Most establishments that passed had a predicted probability of 0.0153, while most establishments that failed had a predicted probability of 0.153. The threshold we used subsequently was hence calculated as (0.0153 + 0.153) / 2 = 0.084.
passes <- testProbs[testProbs$Outcome == "0", ]
fails <- testProbs[testProbs$Outcome == "1", ]
densMode <- function(x) {
td <- density(x)
maxDens <- which.max(td$y)
list(x = td$x[maxDens], y = td$y[maxDens])
}
densMode(passes$Probs)
## $x
## [1] 0.0152725
##
## $y
## [1] 20.83022
densMode(fails$Probs)
## $x
## [1] 0.153341
##
## $y
## [1] 6.345045
testProbs <- testProbs %>% mutate(predOutcome = as.factor(ifelse(testProbs$Probs >
0.084, 1, 0)))
For further analysis of accuracy, a confusion matrix was created with the probability threshold of 0.117, meaning that any predicted probabiltiy exceeding this would result in a predicted outcome of Failure. ‘Reference’ refers to the actual outcome, while ‘Prediction’ refers to the predicted outcome. The interpretation of the confusion matrix is as follows:
The model has an overall accuracy of 86.4%, which was computed by adding the number of True Positives to the number of True Negatives and dividing this sum by the total number of observations. Two other metrics, ‘sensitivity’ and ‘specificity’, were also computed. The former refers to the proportion of actual Failures that were predicted to be Failures (this is known as the ‘true positive rate’), while the latter refers to the proportion of actual Passes that were predicted to be Passes (this is known as the ‘true negative rate’). The model has a sensitivity of 72.6%, and a specificity of 86.7%. Consistent with our interpretation in section 5.1., this suggests the model is better at predicting Passes than Failures; this is unsuprising given that a large majority of the data has this outcome.
caret::confusionMatrix(testProbs$predOutcome, testProbs$Outcome, positive = "1")

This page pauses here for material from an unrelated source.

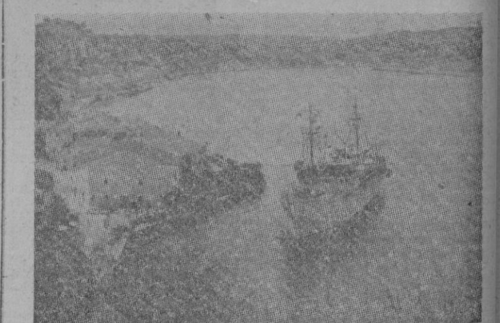
El puerto de Mahón

ciudades. No abundan, sin embargo. El más característico es sin duda el de Mahón. De celebrado y magnífico lo califican los historiadores. Para la ciudad no rezan los mismos elogios. Desde las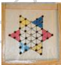
46 DAMAS CHINAS

## Confusion Matrix and Statistics
##
## Reference
## Prediction 0 1
## 0 7263 43
## 1 1119 114
##
## Accuracy : 0.8639
## 95% CI : (0.8565, 0.8711)
## No Information Rate : 0.9816
## P-Value [Acc > NIR] : 1
##
## Kappa : 0.1358
##
## Mcnemar's Test P-Value : <0.0000000000000002
##
## Sensitivity : 0.72611
## Specificity : 0.86650
## Pos Pred Value : 0.09246
## Neg Pred Value : 0.99411
## Prevalence : 0.01839
## Detection Rate : 0.01335
## Detection Prevalence : 0.14440
## Balanced Accuracy : 0.79631
##
## 'Positive' Class : 1
##
A ROC curve was plotted to visualize trade-offs between False Positives and False Negatives. The y-axis of the ROC curve shows the rate of true positives for each threshold from 0.01 to 1, while the x-axis shows the rate of false positives for each threshold.
ggplot(testProbs, aes(d = as.numeric(testProbs$Outcome), m = Probs)) + geom_roc(n.cuts = 50,
labels = FALSE, colour = "#FA7800") + style_roc(theme = theme_grey) + geom_abline(slope = 1,
intercept = 0, size = 1.5, color = "grey") + labs(title = "ROC Curve - Food Inspections")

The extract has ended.